Images frozen in time

Freezing processes involving multiple phases are common, as seen in the zone refining used to remove impurities from a crystal through the heating of a narrow region. However, it is difficult to visualize the processes as they happen. Dedovets et al. studied the freezing of an oil-in-water emulsion and the interaction of the oil droplets with the leading edge of the freezing water. In situ visualization of the freezing front was achieved through confocal microscopy of samples on a moving sample holder. The authors tracked the effects of solution concentration on the droplet positions and observed premelting at the interface of the droplets by using fluorescence markers.

Science, this issue p. 303


The interaction of objects with a moving solidification front is a common feature of many industrial and natural processes such as metal processing, the growth of single crystals, the cryopreservation of cells, or the formation of sea ice. Interaction of solidification fronts with objects leads to different outcomes, from total rejection of the objects to their complete engulfment. We imaged the freezing of emulsions in five dimensions (space, time, and solute concentration) with confocal microscopy. We showed that the solute induces long-range interactions that determine the solidification microstructure. The local increase of solute concentration enhances premelting, which controls the engulfment of droplets by the front and the evolution of grain boundaries. Freezing emulsions may be a good analog of many solidification systems where objects interact with a solidification interface.

Solidification fronts interact with hard or soft objects such as particles, bubbles, droplets, or cells, in three different ways: Objects can be engulfed, rejected for some time and then encapsulated, or rejected for an extended period of time (1). Different outcomes are desired, depending on the context. Particle-reinforced metal alloys require homogeneous distribution of particles in the matrix, and immediate engulfment is therefore preferred (2). By contrast, for single-crystal growth, a complete rejection of impurities is essential (3). The rejection of dissolved hydrogen can form gas bubbles that are eventually trapped by solidification fronts, becoming a major source of defect in many metals and alloys (4). Reproductive and red blood cells can be physically damaged when engulfed between growing ice crystals during cryopreservation procedures (5, 6). The processing of porous materials by ice templating relies on the complete segregation of particles by the solidification front (7). Our ability to control the solidification microstructure is essential in all these domains.
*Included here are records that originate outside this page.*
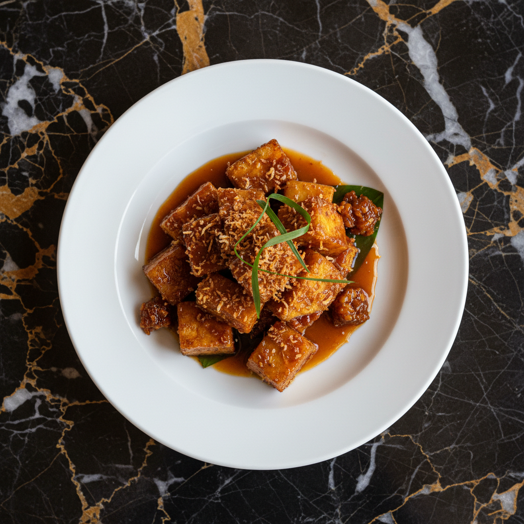 A rich and sweet Samoan delicacy featuring cubes of baked taro or a simple flour-based bread, generously coated in a luscious coconut caramel sauce. Traditionally baked in an umu, it can also be made in a conventional oven.
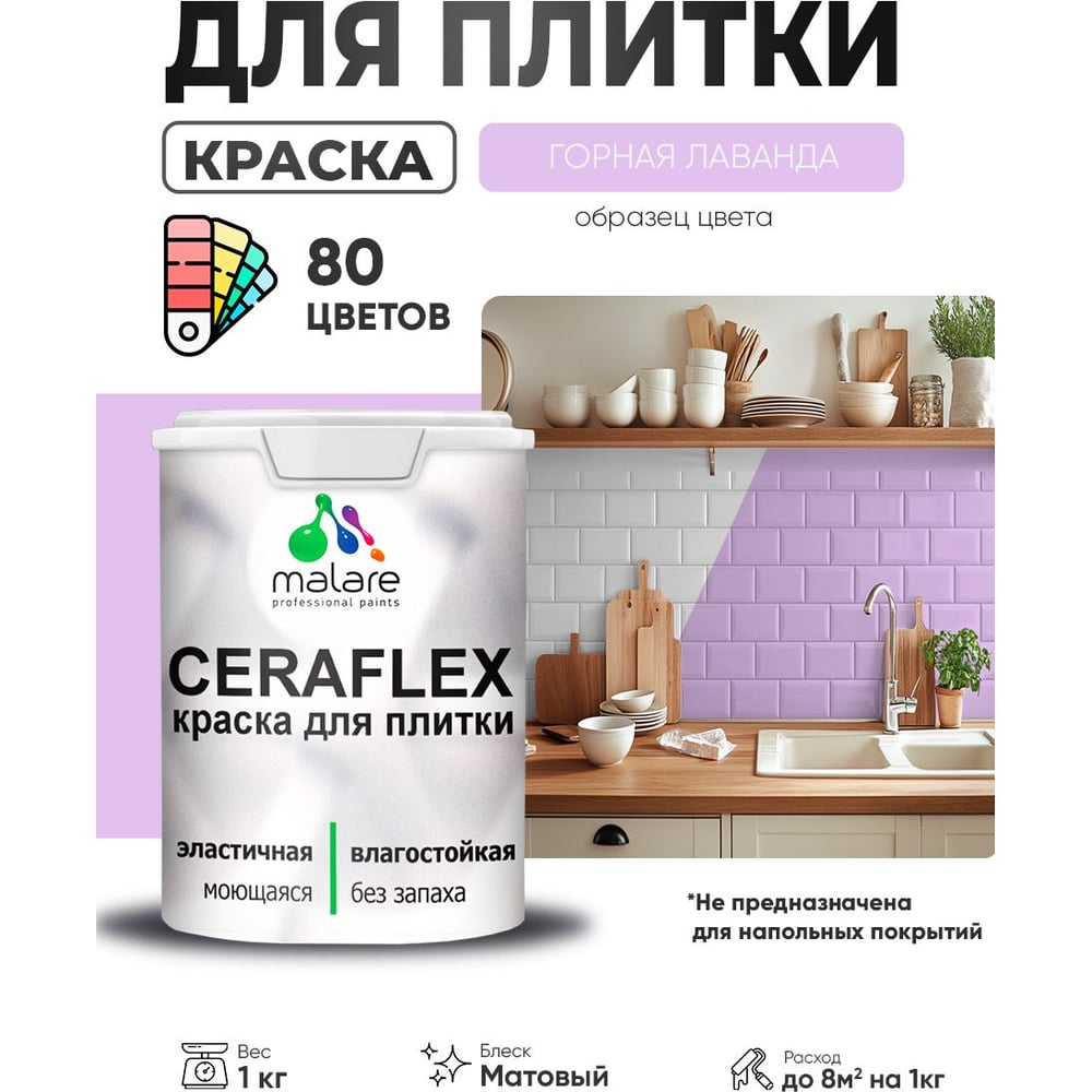 Краска акриловая MALARE Ceraflex для плитки, горная лаванда, матовый, 1 кг ККРФЛКСАГОРМ0100
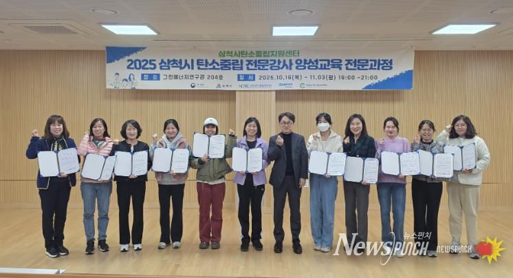 뉴스펀치 김길룡 기자 | 삼척시탄소중립지원센터는 11월 3일 오후 7시 강원대학교 삼척캠퍼스 그린에너지연구관에서 ‘2025 삼척시 탄소중립 전문강사 양성교육 전문과정’ 수료식을 개최했다.
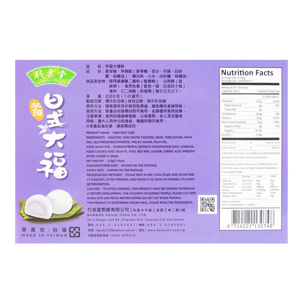Bamboo House Japanese Style Taro Mochi Cake 7.4 oz
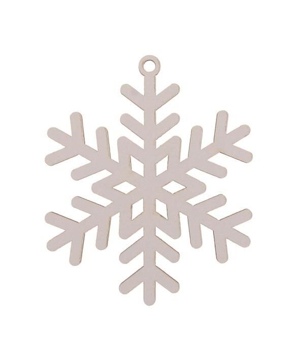 Drewniana śnieżynka w kształcie płatku śniegu biała. Średnica 8cm, wysokość całkowita 9cm. W opakowaniu 3szt przeczytaj całość
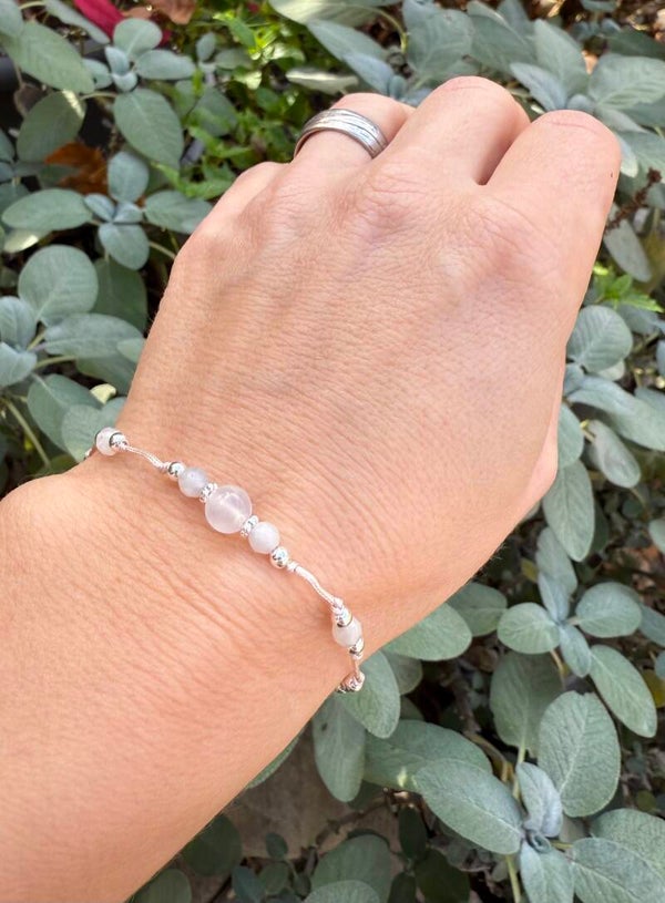 Material: Mondstein weiss, 925 Silber, Polyester Garn

The dynamics of interfaces and objects are an inherent feature of these phenomena but are extremely difficult to observe because of the time scale (solidification fronts moving rapidly), spatial scale (submicrometer objects), and sometimes, high temperature. In addition, the role of solute is often important in these systems, from the gas and impurities in metals to the additives used in cryopreservation procedures or food engineering. Being able to follow in situ the concentration of the various phases in the presence of objects is crucial yet extremely challenging. Direct photometric measurements of the solute concentration in thin layers of solution during solidification have been reported (8), but only in two dimensions (2D), and not in the presence of particles. Confocal Raman microspectroscopy was used to measure the static concentration of a cryoprotective agent (9) in frozen cells encapsulated in an ice matrix.
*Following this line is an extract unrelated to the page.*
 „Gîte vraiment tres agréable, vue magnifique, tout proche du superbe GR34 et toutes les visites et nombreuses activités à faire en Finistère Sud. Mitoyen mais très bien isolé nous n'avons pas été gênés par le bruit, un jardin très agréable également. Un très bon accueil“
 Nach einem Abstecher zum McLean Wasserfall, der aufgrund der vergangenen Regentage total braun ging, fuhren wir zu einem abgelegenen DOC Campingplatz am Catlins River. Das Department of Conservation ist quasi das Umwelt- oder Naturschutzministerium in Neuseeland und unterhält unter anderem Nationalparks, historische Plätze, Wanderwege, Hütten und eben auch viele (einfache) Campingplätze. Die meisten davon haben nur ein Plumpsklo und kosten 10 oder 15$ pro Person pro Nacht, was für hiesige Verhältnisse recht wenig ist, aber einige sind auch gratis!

Progress in solidification research has thus largely relied on the study of analogs—transparent materials that solidify near room temperature—by optical microscopy (10). However, 3D imaging cannot be performed and chemistry cannot be resolved. Thanks to recent progress in x-ray computed tomography, we can obtain 3D, time-lapse images of the microstructure evolution in situ during the solidification of metals (11). The volume investigated is nevertheless limited, particles can barely be resolved, the temporal resolution is not good enough to capture the interaction events (12), and quantifying the solute concentration in the presence of objects is still not possible. It is thus fundamentally difficult to track in situ the development of 3D solidification microstructures where objects interact with a solid/liquid interface (13), even more so in the presence of solute effects.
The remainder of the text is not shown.